[Dataset entries]

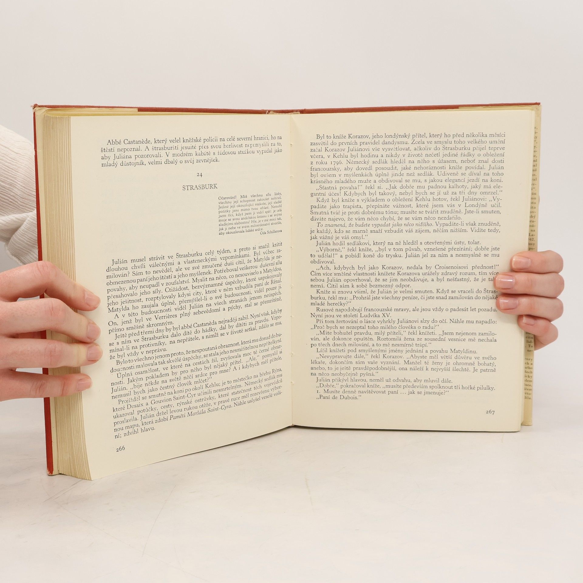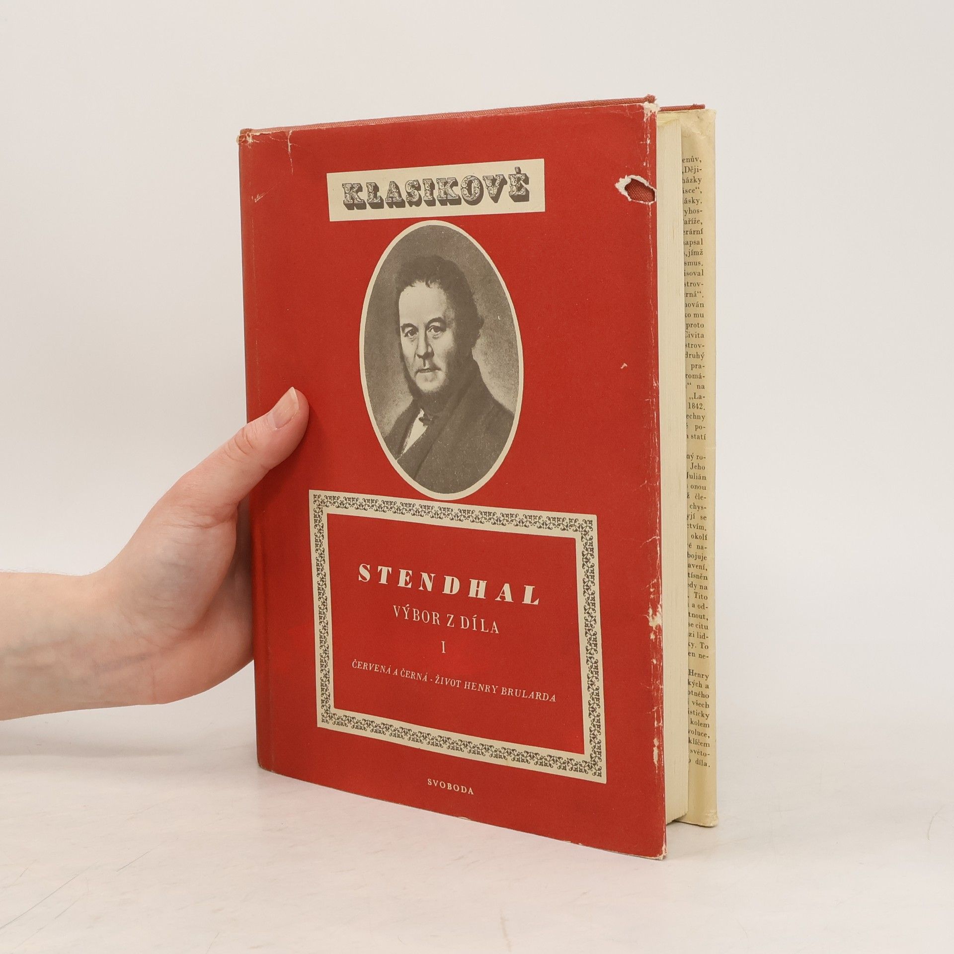 Obsáhlý výbor ze Stendhalova díla, které spolu s dílem Balzacovým je nejpřednějším projevem francouzského realismu za kapitalistické období, přináší v 1. svazku dvě práce; první z nich je v podstatných partiích založena na autobiografických prvcích, druhá pak je čistou autobiografií. Román "Červená a černá" (tj. barva napoleonské uniformy a barva kněžské sutany) je příběhem tesařského synka Juliána Sorela, který ve své potřebě vyšplhat se výše, ve své ctižádosti, přejímá od společnosti doby Restaurace metody cílevědomé přetvářky - ovšem marně; jeho rozlet, podporovaný láskou dvou žen, končí pod guillotinou. "Život Henry Brularda" je S. svéživotopis doby mladosti, psaný až r. 1835-36. Autor, usilující o absolutní upřímnost, nijak nepřikrašluje temné stránky svého charakteru ani své vnitřní rozpory a ve své přesnosti (ačkoliv to píše po nějakých 35-40 letech, ve své padesátce) doplňuje text vlastními kresbami a náčrty.
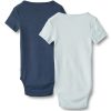 2 bodyer med korte ermer i ribbestrikket stoff laget av en myk økologisk bomullsblanding. Knapping på venstre skulder.
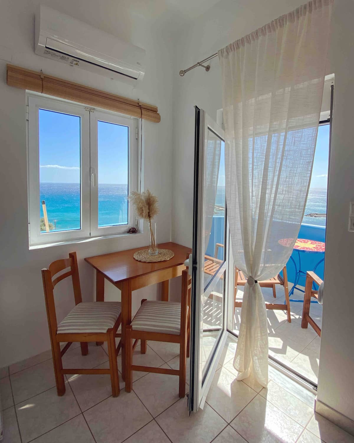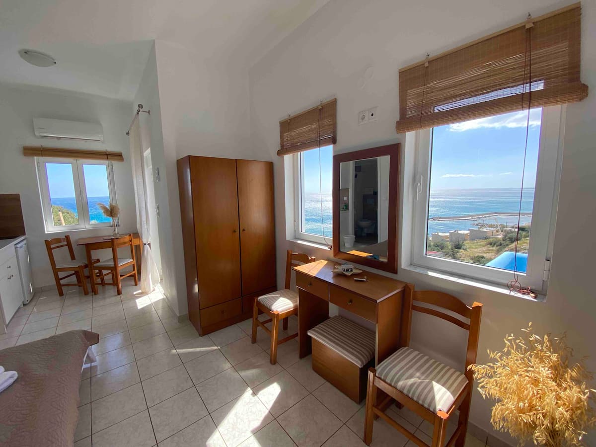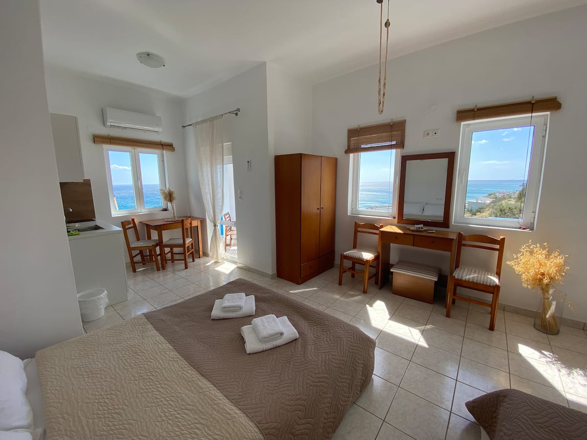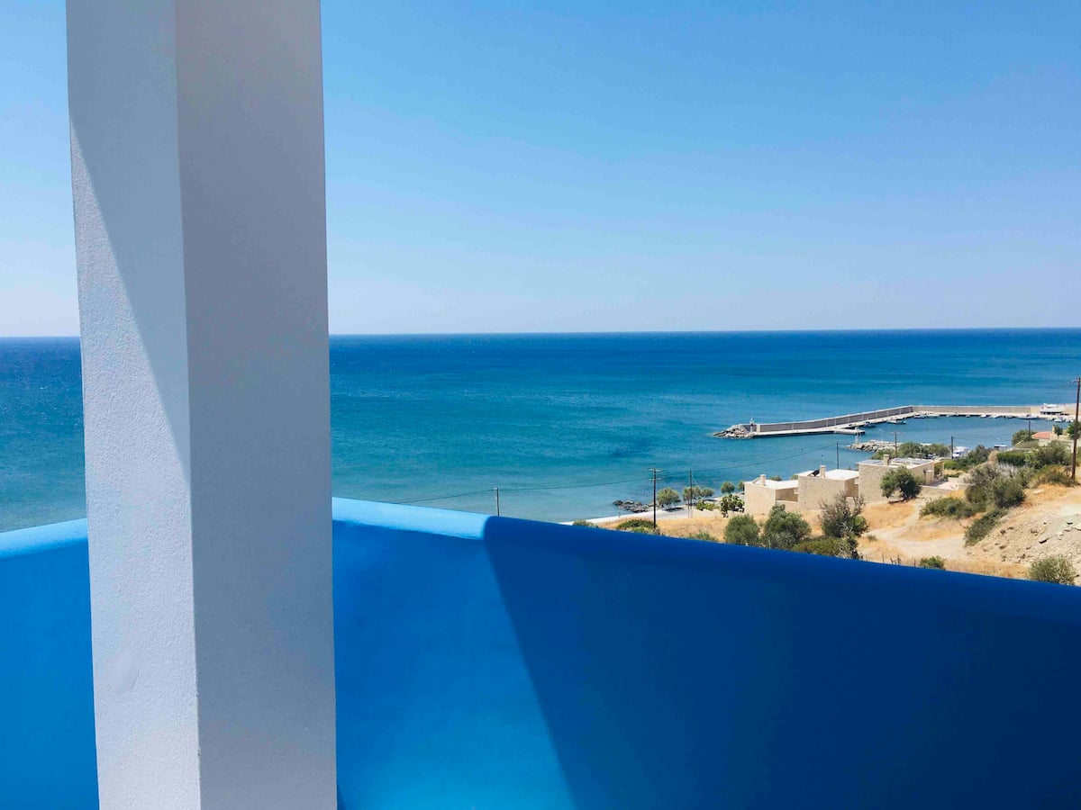 Our rooms are located in the center of the village of Kastri. From the balcony, you can enjoy a wonderful view of the southern Cretan Sea. The natural beaches, traditional Cretan tavernas, cafés, and mini markets are all within walking distance in just a few minutes.
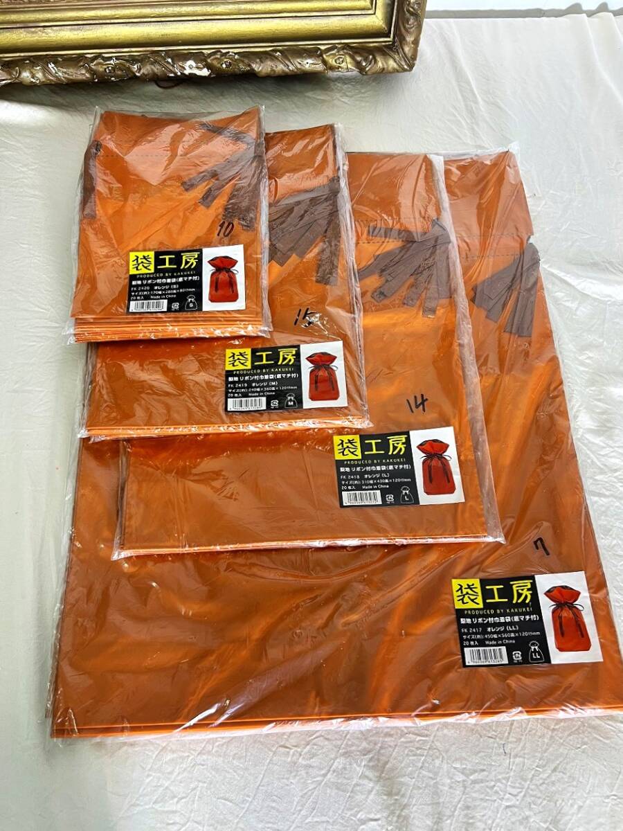 - M3083【S30枚/M35枚/L14枚/LL27枚★全部で106枚】梨地 リボン付巾着袋 ラッピング袋 オレンジ
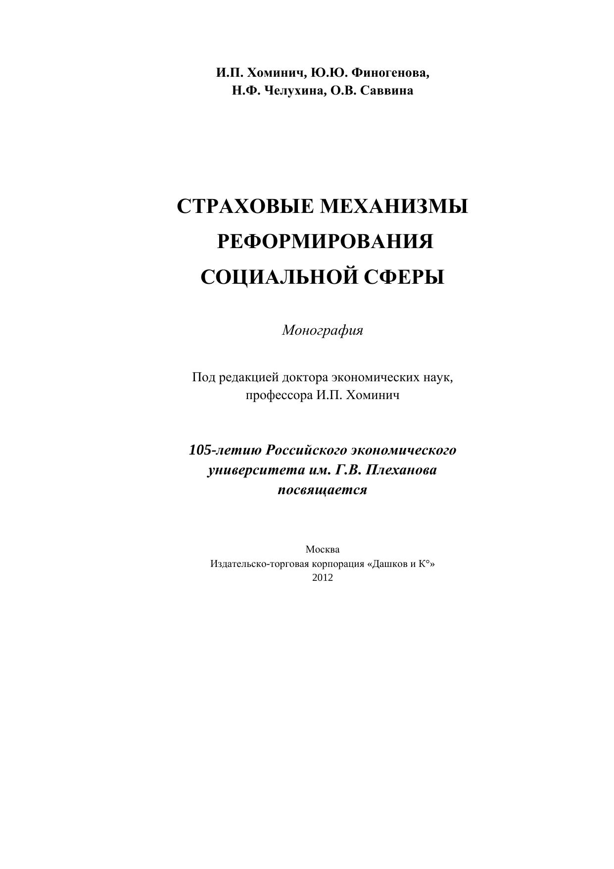 Страховые механизмы реформирования социальной сферы: Монография
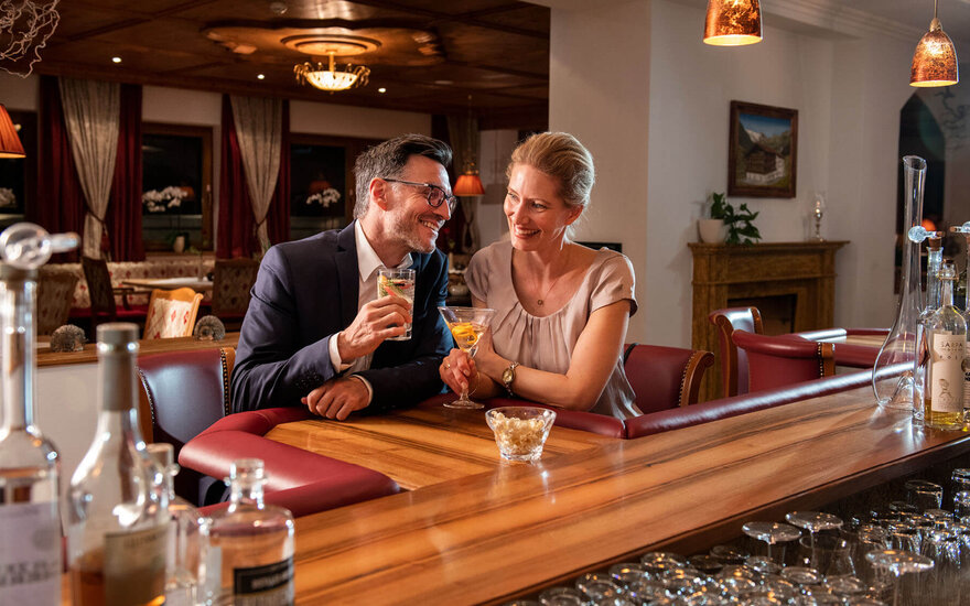 Mit anderen Gästen ins Gespräch kommen, Urlaubsbekanntschaften machen und sich einen erfrischenden Drink schmecken lassen: Unsere Bar in Hintertux ist ein Platz des Austausches. In stil- und stimmungsvoller Atmosphäre findet man sich hier tagsüber und abends immer gerne ein, um hervorragende Cocktails, Spirituosen und Weine zu genießen. Letztere stammen größtenteils von heimischen Winzern und werden durch internationale Klassiker ergänzt. Insgesamt dürfen wir Ihnen eine Auswahl aus etwa 140 Positionen anbieten. Besonders stimmungsvoll wird es, wenn im Rahmen unseres Wochenprogramms für Hotelgäste regelmäßig Weinverkostungen an der Bar stattfinden. Begleitet von fachkundiger Erklärung und gerne auch musikalischer Umrahmung, laden wir Sie ein, neue Lieblingsweine zu entdecken. Über die aktuellen Termine informieren wir Sie direkt im Hotel. Unser aufmerksames Bar-Team sorgt dabei wie immer für beste Unterhaltung und perfekte Betreuung.
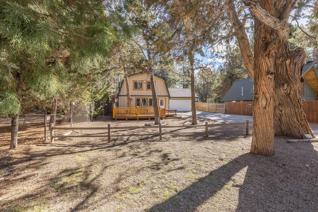 Located on a level 7,200 sq ft lot with a fenced backyard in the desirable Moonridge area of Big Bear. This classic gambrel-style home offers comfort, convenience, and a sense of seclusion. Well maintained showing pride of ownership. The fresh interior paint and new carpet complement the light-filled interior with dual-pane windows throughout. The spacious living room features a cozy wood-burning fireplace, perfect for mountain evenings. Enjoy the large front deck, plentiful parking, and an attached 2-car garage. The home also includes an indoor laundry area for added convenience. Backing to Sand Canyon, the property provides an illusion of privacy while being just a short distance to Bear Mountain, Snow Summit, Bear Mountain Golf Course, the Big Bear Zoo, the Moonridge Corridor, and everything Big Bear has to offer. This home is on public water, public sewer, natural gas, and has access to high-speed internet. This would make a great full time, second home or vacation rental.
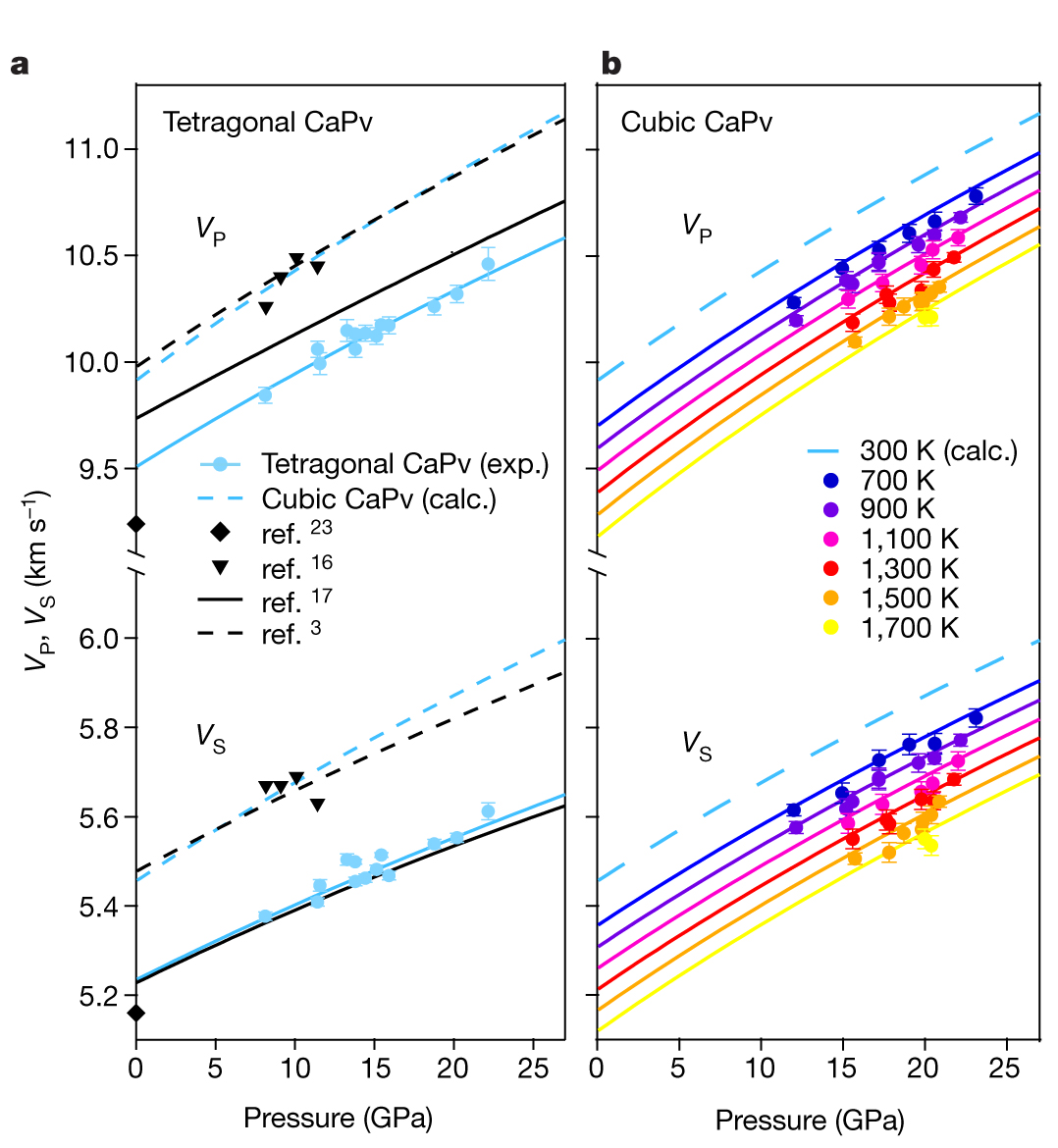 CaSiO3钙钛矿(以下简称CaPv)是地幔转换带(MTR,410-660km)和下地幔(660-2900 km)中的重要矿物组分。前人的计算模拟与高温高压实验均表明,CaPv在高压下会随温度的升高而从四方结构转变至立方结构,但对于该相变的温压边界以及立方结构CaPv的弹性波速还存在很大争议。从高温高压实验角度,立方结构CaPv不能淬火至常温常压,因而常规分析手段不再适用,而在同时高温高压条件下原位测量矿物的热弹性性质一直都是极具挑战的研究。
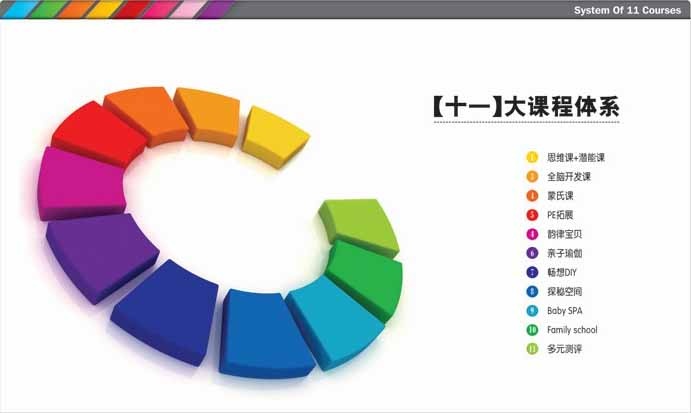 1.思維課&潛能課 2.全腦開發(fā)課 3.蒙氏課 4.PE拓展 5.韻律寶貝 6.Baby SPA
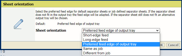 [Bord de chargement préféré du bac de sortie]: les intercalaires sont livrés dans le bac de sortie en fonction du bord de chargement préféré du bac de sortie. Si l’intercalaire ne rentre pas dans le bac de sortie, le bord de chargement est adapté.
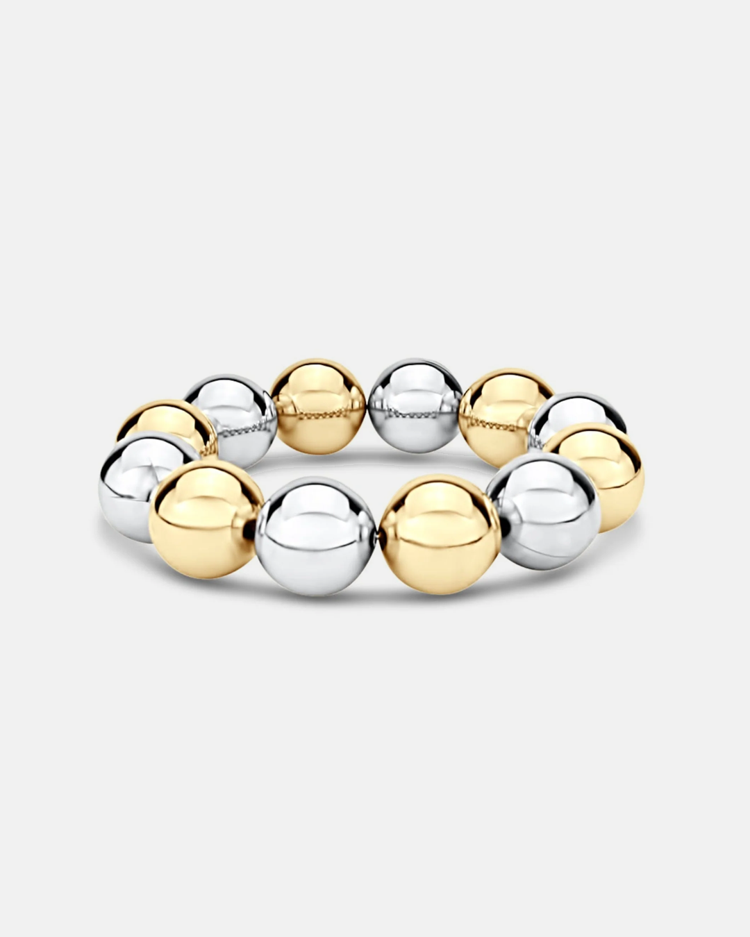 This oversized ball bracelet makes a striking statement that can be worn alone or stacked with other accessories. It elevates any look, day or night.
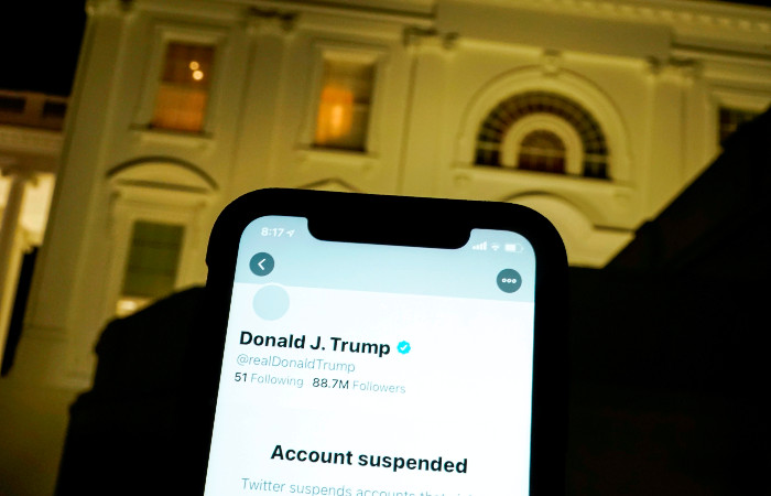 Twitter y otras plataformas de redes sociales prohibieron a Trump el acceso a sus servicios después de que una turba de sus partidarios atacara el Capitolio de Estados Unidos en unos disturbios con víctimas fatales el 6 de enero.
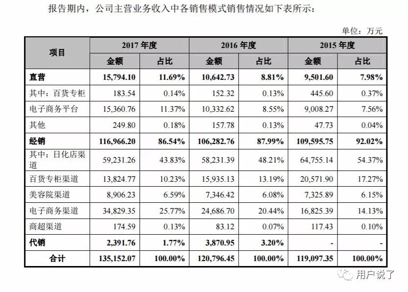 2015-2017年度丸美生物主营业务收入中经销渠道占比分别为92.02%,87.99%和86.54%,略有下降但没有改变整体销售结构,公司经销收入分别为109595.75万元,106282.76万元,116966.20万元。

> **ASSIGNMENT**
What is needed is an exact copy of the lines from the one with "1.思維課&潛能課 2.全腦開發(fā)課 3.蒙氏課" through the end of the data above, both included, minus any pictures.

> **WRITTEN RESPONSE**
 1.思維課&潛能課 2.全腦開發(fā)課 3.蒙氏課 4.PE拓展 5.韻律寶貝 6.Baby SPA
 [Bord de chargement préféré du bac de sortie]: les intercalaires sont livrés dans le bac de sortie en fonction du bord de chargement préféré du bac de sortie. Si l’intercalaire ne rentre pas dans le bac de sortie, le bord de chargement est adapté.
 This oversized ball bracelet makes a striking statement that can be worn alone or stacked with other accessories. It elevates any look, day or night.
 Twitter y otras plataformas de redes sociales prohibieron a Trump el acceso a sus servicios después de que una turba de sus partidarios atacara el Capitolio de Estados Unidos en unos disturbios con víctimas fatales el 6 de enero.
 2015-2017年度丸美生物主营业务收入中经销渠道占比分别为92.02%,87.99%和86.54%,略有下降但没有改变整体销售结构,公司经销收入分别为109595.75万元,106282.76万元,116966.20万元。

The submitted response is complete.